Print all of the data exactly.

RECORDS SUPPLIED section start

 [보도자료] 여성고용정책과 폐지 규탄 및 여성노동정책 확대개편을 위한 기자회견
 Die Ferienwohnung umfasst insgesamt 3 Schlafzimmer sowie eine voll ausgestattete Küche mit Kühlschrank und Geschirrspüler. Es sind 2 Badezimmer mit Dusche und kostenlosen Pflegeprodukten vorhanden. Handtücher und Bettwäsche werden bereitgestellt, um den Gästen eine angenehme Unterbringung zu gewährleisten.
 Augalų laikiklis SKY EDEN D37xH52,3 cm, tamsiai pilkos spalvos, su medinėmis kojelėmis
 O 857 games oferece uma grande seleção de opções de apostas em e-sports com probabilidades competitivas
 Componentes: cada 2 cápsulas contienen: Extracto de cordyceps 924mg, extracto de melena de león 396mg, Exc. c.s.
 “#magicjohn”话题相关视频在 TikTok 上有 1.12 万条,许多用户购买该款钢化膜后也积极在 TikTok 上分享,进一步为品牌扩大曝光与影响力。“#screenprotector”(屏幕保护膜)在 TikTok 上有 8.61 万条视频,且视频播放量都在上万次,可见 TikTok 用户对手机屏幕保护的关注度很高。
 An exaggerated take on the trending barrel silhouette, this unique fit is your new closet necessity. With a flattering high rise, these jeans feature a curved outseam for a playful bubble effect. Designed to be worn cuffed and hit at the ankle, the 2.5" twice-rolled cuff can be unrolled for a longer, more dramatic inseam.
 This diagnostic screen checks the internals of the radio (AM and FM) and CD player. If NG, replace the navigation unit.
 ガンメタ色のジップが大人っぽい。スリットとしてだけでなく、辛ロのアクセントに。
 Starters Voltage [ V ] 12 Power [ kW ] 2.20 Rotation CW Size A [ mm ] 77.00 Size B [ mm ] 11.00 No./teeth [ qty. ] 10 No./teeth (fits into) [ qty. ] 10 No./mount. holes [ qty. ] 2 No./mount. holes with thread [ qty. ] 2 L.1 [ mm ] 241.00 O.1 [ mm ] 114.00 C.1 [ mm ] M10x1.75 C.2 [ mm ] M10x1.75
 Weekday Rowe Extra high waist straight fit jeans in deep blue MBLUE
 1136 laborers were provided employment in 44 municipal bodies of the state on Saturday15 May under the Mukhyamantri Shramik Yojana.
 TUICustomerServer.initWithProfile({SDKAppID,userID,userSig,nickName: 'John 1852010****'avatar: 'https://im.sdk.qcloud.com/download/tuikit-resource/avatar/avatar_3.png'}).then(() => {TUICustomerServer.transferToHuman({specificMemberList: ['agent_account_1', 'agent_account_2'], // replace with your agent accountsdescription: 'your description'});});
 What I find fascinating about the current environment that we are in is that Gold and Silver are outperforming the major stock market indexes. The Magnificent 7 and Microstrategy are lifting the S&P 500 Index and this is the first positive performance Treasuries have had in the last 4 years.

RECORDS SUPPLIED section end

SOLUTION TO THE EXERCISE:
 [보도자료] 여성고용정책과 폐지 규탄 및 여성노동정책 확대개편을 위한 기자회견
 Die Ferienwohnung umfasst insgesamt 3 Schlafzimmer sowie eine voll ausgestattete Küche mit Kühlschrank und Geschirrspüler. Es sind 2 Badezimmer mit Dusche und kostenlosen Pflegeprodukten vorhanden. Handtücher und Bettwäsche werden bereitgestellt, um den Gästen eine angenehme Unterbringung zu gewährleisten.
 Augalų laikiklis SKY EDEN D37xH52,3 cm, tamsiai pilkos spalvos, su medinėmis kojelėmis
 O 857 games oferece uma grande seleção de opções de apostas em e-sports com probabilidades competitivas
 Componentes: cada 2 cápsulas contienen: Extracto de cordyceps 924mg, extracto de melena de león 396mg, Exc. c.s.
 “#magicjohn”话题相关视频在 TikTok 上有 1.12 万条,许多用户购买该款钢化膜后也积极在 TikTok 上分享,进一步为品牌扩大曝光与影响力。“#screenprotector”(屏幕保护膜)在 TikTok 上有 8.61 万条视频,且视频播放量都在上万次,可见 TikTok 用户对手机屏幕保护的关注度很高。
 An exaggerated take on the trending barrel silhouette, this unique fit is your new closet necessity. With a flattering high rise, these jeans feature a curved outseam for a playful bubble effect. Designed to be worn cuffed and hit at the ankle, the 2.5" twice-rolled cuff can be unrolled for a longer, more dramatic inseam.
 This diagnostic screen checks the internals of the radio (AM and FM) and CD player. If NG, replace the navigation unit.
 ガンメタ色のジップが大人っぽい。スリットとしてだけでなく、辛ロのアクセントに。
 Starters Voltage [ V ] 12 Power [ kW ] 2.20 Rotation CW Size A [ mm ] 77.00 Size B [ mm ] 11.00 No./teeth [ qty. ] 10 No./teeth (fits into) [ qty. ] 10 No./mount. holes [ qty. ] 2 No./mount. holes with thread [ qty. ] 2 L.1 [ mm ] 241.00 O.1 [ mm ] 114.00 C.1 [ mm ] M10x1.75 C.2 [ mm ] M10x1.75
 Weekday Rowe Extra high waist straight fit jeans in deep blue MBLUE
 1136 laborers were provided employment in 44 municipal bodies of the state on Saturday15 May under the Mukhyamantri Shramik Yojana.
 TUICustomerServer.initWithProfile({SDKAppID,userID,userSig,nickName: 'John 1852010****'avatar: 'https://im.sdk.qcloud.com/download/tuikit-resource/avatar/avatar_3.png'}).then(() => {TUICustomerServer.transferToHuman({specificMemberList: ['agent_account_1', 'agent_account_2'], // replace with your agent accountsdescription: 'your description'});});
 What I find fascinating about the current environment that we are in is that Gold and Silver are outperforming the major stock market indexes. The Magnificent 7 and Microstrategy are lifting the S&P 500 Index and this is the first positive performance Treasuries have had in the last 4 years.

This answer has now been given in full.